Olaf Tyaransen, 03 Oct 2011

Dubbed the “rock critic’s rock critic” by Q, Charles Shaar Murray has been writing professionally for practically all of his adult life. A teenage contributor to the notorious Schoolkids issue of Oz magazine in 1970, which saw him involved in the consequent obscenity trial, and one of the star scribes at NME during its ‘70s heyday, he has produced countless magazine articles and penned well-received biographies of Jimi Hendrix, David Bowie and John Lee Hooker. However, it’s taken until now for the 60 year-old Englishman to finally realise his lifelong ambition of writing a novel.
“It was something that I always wanted to do, but I could never figure out how it was done,” he explains, talking down the line from his London home. “Eventually these characters who’d been hanging around in my head for ages combined with bits of plot from various uncompleted short stories and other bits and bobs. It basically took a long time to assemble the ingredients and let them gestate, but once that happened the actual first draft of writing took place implausibly quickly.”

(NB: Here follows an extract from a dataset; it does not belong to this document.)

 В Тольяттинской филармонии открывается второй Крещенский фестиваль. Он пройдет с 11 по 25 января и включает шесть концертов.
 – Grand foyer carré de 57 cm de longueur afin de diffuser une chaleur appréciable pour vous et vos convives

It took him just three months to write the first draft of The Hellhound Sample – a heavily hip, immensely readable, and musically knowing tale of bluesmen, rockers, rappers and gangsters.

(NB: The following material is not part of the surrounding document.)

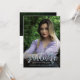 Opal iridescent Print Image Script. Einladungs-Ankündigung für den Abschluss, perfekt für den Highschool- oder Uni-Abschluss. Moderne minimalistische Typografie, lässige elegante Schrift "Graduate" Schrift. Erleben Sie diese besonderen Momente des Wachstums und lächeln Sie Freude und Jugend für immer. Laden Sie ein volles Portrait-Mode-Cover-Foto des Absolventen auf der Vorderseite, ein Landschaftsorientierungsfenster-Foto sowie relevante Details der Abschlussfeier auf der Rückseite hoch. Schattet automatisch die perfekten Bereiche des Bildes.

“It was very weird the speed with which it came together,” he says. “It was almost like a trance experience. I would find that stuff I had plotted in advance wouldn’t happen because the characters didn’t seem to want to. Sometimes a conversation that was supposed to be a simple exchange over a few paragraphs ended up expanding because the characters kept coming through.
“At the end of it, I had this thing – which I then did nothing with for a few months. When I came back to it, and read it again, it was almost like reading something for the first time. I started doing revisions. Then I showed it to a few other people who made suggestions, most of which I incorporated. Basically they spotted where I’d left a hole in the plot or a gap in somebody’s character arc. They sort of interrogated the book and I had to provide answers to their questions.”